> **WORK INSTRUCTION**
The lines from the top of the material below through the line containing "(アルド×ビクトリア)4重近親 ![]() |" are to be printed exactly, with pictures omitted.

> **SOURCE DATA**

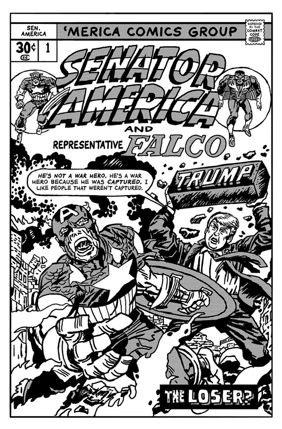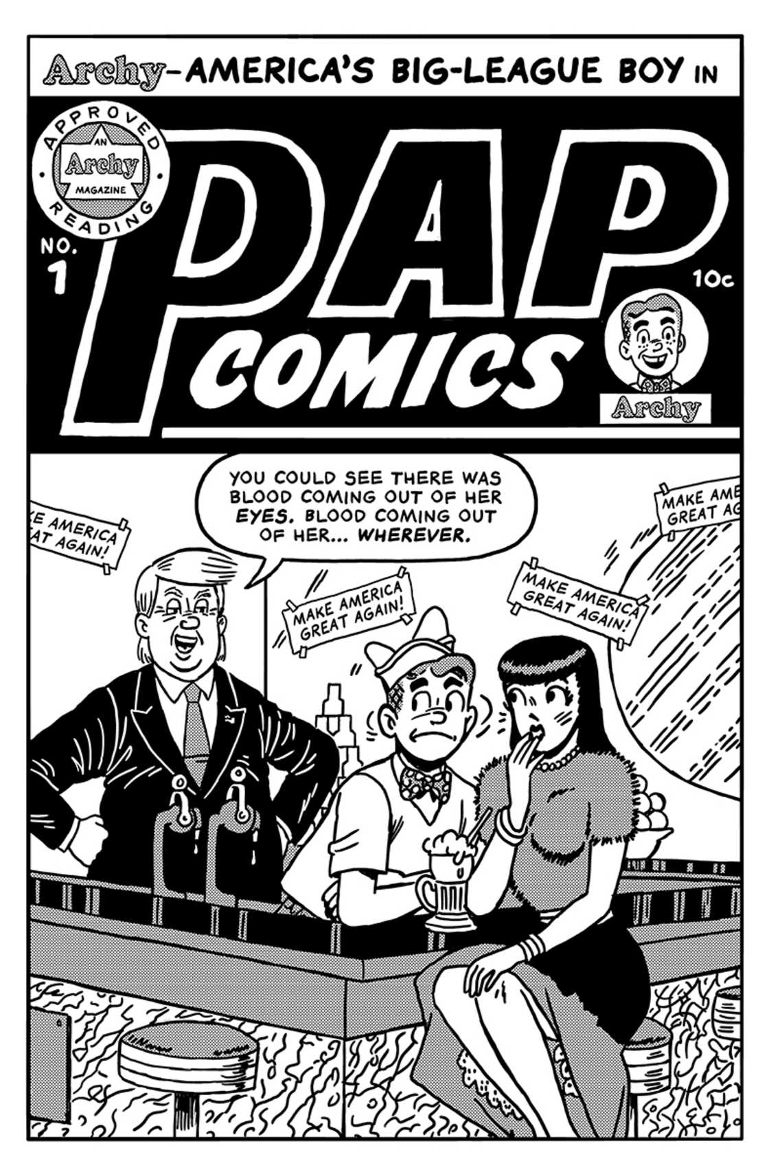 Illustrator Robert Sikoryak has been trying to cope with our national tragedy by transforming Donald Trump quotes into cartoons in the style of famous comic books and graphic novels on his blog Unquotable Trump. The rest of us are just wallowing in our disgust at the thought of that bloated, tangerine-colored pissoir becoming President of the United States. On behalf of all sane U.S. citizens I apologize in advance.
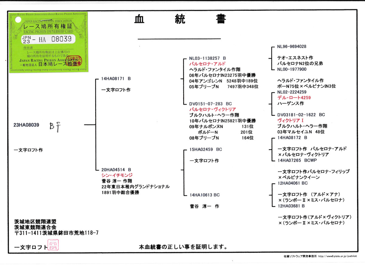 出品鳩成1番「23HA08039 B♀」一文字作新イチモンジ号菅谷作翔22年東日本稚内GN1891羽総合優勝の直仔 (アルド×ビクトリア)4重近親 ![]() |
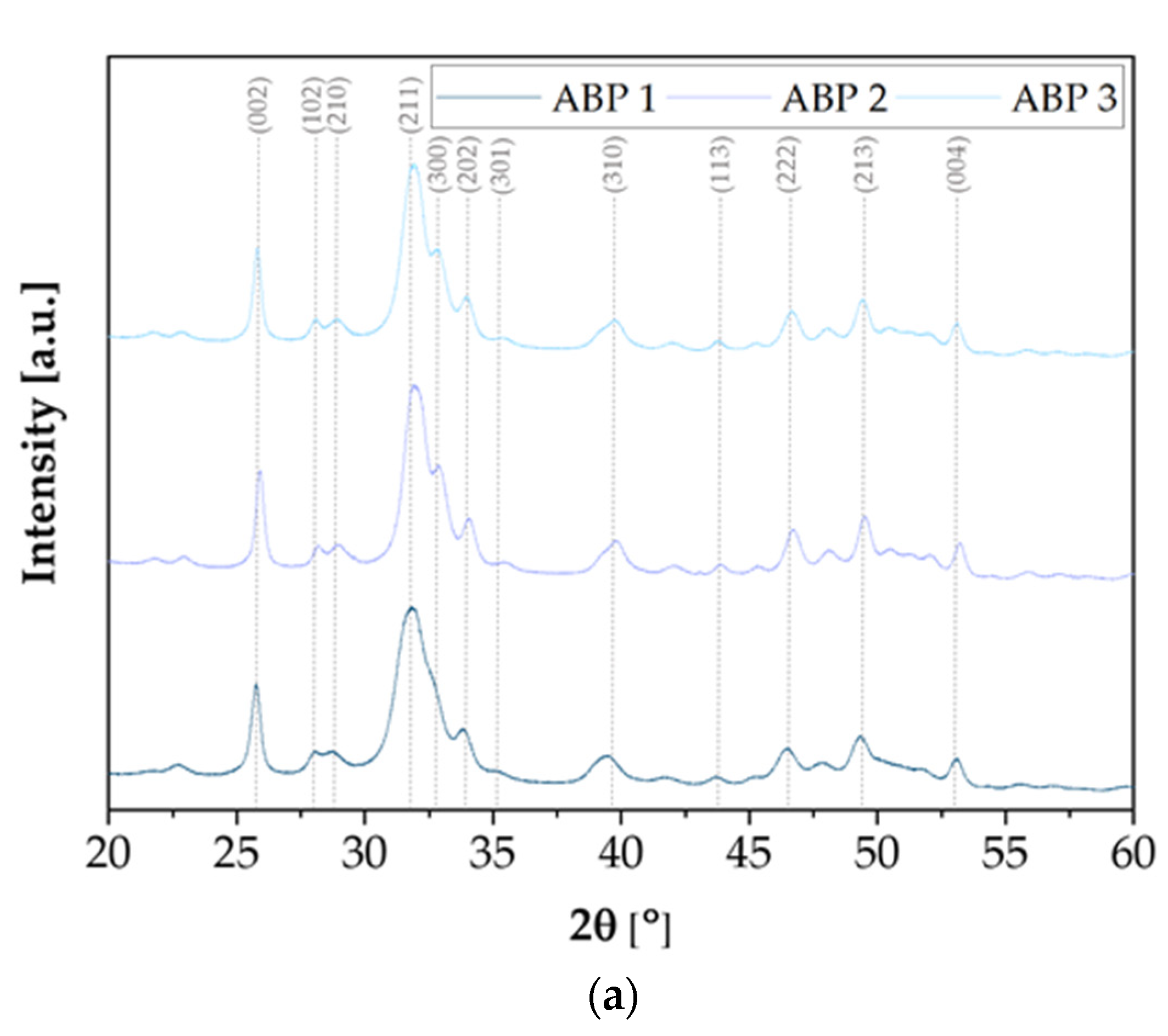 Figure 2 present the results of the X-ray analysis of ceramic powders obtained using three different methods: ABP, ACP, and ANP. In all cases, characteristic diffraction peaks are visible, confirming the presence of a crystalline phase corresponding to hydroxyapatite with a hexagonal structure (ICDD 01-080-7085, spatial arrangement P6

> **YOUR SOLUTION**
 Illustrator Robert Sikoryak has been trying to cope with our national tragedy by transforming Donald Trump quotes into cartoons in the style of famous comic books and graphic novels on his blog Unquotable Trump. The rest of us are just wallowing in our disgust at the thought of that bloated, tangerine-colored pissoir becoming President of the United States. On behalf of all sane U.S. citizens I apologize in advance.
 出品鳩成1番「23HA08039 B♀」一文字作新イチモンジ号菅谷作翔22年東日本稚内GN1891羽総合優勝の直仔 (アルド×ビクトリア)4重近親 ![]() |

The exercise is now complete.